Data extracted from a collection:
__________

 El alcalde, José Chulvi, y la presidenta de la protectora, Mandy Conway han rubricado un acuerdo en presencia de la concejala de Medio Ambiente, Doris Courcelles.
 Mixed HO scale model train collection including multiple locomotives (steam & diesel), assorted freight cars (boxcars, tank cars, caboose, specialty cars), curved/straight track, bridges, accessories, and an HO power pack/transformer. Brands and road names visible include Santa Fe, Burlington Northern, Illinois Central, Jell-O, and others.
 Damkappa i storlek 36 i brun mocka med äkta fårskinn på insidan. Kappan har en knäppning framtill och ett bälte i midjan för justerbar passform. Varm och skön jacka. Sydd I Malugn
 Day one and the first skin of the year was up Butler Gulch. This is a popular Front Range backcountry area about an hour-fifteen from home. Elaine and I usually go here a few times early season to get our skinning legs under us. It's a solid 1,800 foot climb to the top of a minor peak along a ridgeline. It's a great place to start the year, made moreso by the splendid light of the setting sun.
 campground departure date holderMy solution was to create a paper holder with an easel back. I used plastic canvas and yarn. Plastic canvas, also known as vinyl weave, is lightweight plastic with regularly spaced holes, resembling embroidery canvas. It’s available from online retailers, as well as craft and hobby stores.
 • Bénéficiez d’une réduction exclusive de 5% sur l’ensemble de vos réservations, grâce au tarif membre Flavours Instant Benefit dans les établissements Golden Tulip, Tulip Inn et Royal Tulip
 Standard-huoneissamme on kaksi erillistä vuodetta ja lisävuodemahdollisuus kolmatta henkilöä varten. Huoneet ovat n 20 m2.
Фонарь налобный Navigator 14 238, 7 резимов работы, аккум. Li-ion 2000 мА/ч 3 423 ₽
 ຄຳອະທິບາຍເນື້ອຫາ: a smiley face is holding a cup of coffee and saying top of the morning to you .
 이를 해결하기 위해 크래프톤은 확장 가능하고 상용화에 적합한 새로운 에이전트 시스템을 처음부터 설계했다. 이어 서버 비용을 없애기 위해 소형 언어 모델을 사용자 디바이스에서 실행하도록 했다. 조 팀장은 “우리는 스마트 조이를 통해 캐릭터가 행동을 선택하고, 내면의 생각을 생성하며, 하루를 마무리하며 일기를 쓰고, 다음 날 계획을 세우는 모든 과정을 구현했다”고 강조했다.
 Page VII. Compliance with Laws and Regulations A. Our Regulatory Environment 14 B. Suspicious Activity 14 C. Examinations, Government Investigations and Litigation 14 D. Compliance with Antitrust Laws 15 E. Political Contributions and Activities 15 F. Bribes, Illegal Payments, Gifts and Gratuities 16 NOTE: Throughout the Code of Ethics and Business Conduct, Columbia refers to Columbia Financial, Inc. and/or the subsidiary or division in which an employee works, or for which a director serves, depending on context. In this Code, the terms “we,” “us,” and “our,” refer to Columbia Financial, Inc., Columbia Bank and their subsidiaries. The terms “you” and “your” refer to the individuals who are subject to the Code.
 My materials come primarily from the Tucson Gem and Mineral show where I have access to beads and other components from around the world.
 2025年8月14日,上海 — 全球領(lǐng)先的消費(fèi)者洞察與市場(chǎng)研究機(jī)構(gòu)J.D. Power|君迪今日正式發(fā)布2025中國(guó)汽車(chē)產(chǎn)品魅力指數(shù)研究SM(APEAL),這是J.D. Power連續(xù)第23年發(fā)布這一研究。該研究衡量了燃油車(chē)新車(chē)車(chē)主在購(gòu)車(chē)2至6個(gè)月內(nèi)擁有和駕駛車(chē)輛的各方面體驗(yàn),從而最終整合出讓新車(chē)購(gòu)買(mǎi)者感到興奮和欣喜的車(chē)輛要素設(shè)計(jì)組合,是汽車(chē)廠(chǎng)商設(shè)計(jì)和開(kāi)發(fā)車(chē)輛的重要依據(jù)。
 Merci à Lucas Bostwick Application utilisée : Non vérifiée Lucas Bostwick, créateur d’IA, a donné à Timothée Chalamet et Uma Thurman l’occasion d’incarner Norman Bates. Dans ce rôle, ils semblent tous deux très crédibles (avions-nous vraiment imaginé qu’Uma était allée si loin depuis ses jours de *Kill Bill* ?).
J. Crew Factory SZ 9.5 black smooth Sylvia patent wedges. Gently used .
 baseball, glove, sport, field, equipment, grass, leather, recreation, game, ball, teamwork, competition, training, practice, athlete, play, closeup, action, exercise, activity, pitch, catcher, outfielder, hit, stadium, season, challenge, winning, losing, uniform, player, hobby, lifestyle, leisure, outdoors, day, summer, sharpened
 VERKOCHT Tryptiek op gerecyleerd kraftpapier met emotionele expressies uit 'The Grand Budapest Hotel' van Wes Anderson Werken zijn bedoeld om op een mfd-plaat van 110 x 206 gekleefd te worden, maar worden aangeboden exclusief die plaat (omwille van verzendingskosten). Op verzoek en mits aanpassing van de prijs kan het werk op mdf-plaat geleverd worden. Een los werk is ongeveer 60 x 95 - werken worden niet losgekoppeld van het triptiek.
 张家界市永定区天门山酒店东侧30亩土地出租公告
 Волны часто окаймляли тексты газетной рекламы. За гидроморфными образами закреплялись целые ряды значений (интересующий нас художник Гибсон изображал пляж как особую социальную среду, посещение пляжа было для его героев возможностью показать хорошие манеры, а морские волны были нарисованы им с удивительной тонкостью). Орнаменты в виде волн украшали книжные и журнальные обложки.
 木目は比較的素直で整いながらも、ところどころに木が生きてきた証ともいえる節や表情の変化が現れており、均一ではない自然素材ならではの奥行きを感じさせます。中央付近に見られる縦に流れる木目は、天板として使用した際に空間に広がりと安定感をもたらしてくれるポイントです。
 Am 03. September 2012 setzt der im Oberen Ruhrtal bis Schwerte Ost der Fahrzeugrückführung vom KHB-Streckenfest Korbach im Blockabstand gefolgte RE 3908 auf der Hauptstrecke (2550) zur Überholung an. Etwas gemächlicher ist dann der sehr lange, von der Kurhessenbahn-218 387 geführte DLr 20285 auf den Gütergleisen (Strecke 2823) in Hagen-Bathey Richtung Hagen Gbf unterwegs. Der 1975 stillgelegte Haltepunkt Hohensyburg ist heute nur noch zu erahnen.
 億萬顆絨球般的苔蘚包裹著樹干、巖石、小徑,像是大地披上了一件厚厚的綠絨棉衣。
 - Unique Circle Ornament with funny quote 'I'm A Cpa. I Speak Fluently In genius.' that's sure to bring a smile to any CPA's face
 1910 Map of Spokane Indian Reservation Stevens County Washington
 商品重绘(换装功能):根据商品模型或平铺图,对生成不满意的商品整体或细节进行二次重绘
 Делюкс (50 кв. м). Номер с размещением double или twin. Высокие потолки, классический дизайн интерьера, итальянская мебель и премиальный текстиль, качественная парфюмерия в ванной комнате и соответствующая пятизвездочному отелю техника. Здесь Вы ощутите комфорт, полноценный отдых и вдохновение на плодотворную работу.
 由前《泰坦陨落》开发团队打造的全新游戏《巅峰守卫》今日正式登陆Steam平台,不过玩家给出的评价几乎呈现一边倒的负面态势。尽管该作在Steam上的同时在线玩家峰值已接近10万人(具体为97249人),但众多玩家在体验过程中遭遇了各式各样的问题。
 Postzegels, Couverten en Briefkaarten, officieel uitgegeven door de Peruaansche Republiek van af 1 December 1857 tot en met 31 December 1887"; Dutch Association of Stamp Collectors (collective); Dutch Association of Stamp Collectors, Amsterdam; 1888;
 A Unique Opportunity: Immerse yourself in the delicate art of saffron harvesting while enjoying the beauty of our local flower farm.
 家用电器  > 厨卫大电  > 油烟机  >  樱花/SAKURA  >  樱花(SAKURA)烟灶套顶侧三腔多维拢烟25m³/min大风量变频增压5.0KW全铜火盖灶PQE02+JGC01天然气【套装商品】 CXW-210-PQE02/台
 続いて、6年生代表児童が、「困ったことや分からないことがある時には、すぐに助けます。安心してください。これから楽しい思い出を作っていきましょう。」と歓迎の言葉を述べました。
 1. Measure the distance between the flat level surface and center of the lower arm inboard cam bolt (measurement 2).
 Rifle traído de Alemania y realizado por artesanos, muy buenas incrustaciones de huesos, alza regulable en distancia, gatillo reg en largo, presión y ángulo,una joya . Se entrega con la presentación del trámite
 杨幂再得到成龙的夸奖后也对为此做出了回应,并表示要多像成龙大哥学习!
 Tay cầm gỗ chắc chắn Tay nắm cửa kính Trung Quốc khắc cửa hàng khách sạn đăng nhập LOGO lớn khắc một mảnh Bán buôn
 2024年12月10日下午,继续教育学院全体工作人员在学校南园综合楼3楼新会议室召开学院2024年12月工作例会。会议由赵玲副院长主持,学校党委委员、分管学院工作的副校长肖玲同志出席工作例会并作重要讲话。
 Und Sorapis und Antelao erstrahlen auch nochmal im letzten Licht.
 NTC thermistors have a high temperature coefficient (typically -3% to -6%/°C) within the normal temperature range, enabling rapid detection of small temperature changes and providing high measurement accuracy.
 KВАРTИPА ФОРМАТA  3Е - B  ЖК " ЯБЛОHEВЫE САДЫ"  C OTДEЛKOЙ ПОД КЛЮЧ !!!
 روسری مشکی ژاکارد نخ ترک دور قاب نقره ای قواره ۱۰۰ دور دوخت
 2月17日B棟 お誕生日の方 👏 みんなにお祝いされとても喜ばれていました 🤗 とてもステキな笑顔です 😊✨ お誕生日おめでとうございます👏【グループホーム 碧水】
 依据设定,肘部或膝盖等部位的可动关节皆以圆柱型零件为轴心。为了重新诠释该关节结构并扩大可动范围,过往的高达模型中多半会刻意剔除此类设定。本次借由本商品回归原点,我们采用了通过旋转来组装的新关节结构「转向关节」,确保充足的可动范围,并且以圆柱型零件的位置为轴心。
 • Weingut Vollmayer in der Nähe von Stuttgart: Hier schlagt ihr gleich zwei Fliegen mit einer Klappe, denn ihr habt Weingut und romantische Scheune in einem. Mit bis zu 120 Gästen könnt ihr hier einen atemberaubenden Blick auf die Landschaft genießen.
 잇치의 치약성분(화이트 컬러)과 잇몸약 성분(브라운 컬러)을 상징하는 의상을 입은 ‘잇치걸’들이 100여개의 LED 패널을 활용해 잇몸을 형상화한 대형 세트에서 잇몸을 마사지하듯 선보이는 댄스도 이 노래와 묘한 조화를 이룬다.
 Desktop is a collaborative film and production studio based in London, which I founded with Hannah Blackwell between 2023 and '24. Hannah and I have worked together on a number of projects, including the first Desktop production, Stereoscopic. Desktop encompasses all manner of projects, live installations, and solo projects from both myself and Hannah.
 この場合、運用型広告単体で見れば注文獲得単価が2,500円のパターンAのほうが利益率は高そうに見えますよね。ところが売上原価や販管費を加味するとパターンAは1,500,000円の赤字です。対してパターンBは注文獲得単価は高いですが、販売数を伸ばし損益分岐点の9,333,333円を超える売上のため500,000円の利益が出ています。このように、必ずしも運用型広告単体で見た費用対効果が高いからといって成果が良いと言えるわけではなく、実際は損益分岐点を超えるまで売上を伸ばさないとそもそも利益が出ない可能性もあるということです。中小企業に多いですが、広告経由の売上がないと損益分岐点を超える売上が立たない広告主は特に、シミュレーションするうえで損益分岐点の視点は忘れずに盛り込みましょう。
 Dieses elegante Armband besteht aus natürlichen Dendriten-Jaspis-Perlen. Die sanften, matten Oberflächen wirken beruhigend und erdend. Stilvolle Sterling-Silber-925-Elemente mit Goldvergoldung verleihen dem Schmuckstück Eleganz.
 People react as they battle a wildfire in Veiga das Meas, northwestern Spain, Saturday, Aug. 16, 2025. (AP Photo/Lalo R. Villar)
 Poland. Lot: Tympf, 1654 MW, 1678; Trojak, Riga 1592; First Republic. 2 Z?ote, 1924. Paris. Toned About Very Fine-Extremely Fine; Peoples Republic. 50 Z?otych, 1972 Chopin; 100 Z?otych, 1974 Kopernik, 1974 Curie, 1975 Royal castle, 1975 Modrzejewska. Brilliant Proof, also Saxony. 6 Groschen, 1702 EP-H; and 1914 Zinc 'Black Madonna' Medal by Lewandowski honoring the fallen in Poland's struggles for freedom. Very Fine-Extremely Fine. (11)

__________

Search the records above for the string "Unique". Copy every line that contains it.

### EXERCISE OUTPUT
 - Unique Circle Ornament with funny quote 'I'm A Cpa. I Speak Fluently In genius.' that's sure to bring a smile to any CPA's face
 A Unique Opportunity: Immerse yourself in the delicate art of saffron harvesting while enjoying the beauty of our local flower farm.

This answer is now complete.